Exercise objective: Below are entries with pictures among them; reproduce exactly, and only, the lines from the one containing "Womens 16 pcs" down to the one containing "Masukkan pie susu", without the pictures.

Records for this exercise:
--- --- ---
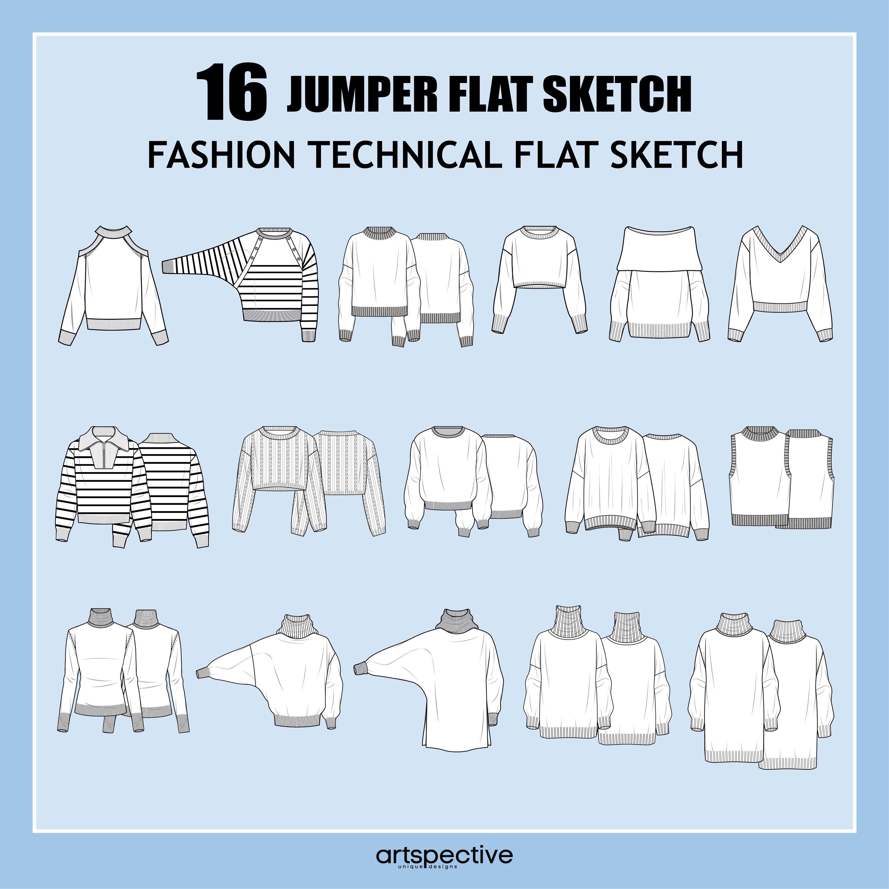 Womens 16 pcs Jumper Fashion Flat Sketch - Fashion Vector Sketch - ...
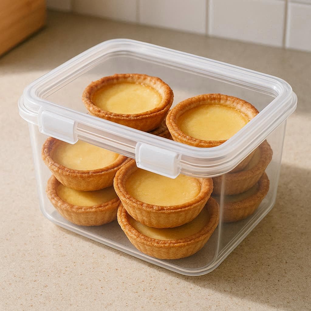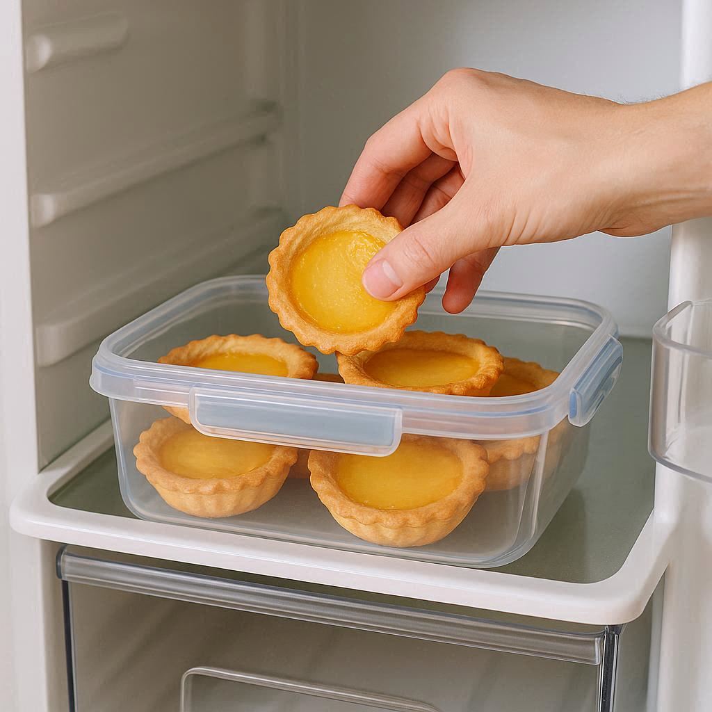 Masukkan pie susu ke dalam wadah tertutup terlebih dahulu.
--- --- ---
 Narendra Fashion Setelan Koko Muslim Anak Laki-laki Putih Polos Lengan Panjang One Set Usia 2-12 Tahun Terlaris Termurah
--- --- ---
Written solution:
 Womens 16 pcs Jumper Fashion Flat Sketch - Fashion Vector Sketch - ...
 Masukkan pie susu ke dalam wadah tertutup terlebih dahulu.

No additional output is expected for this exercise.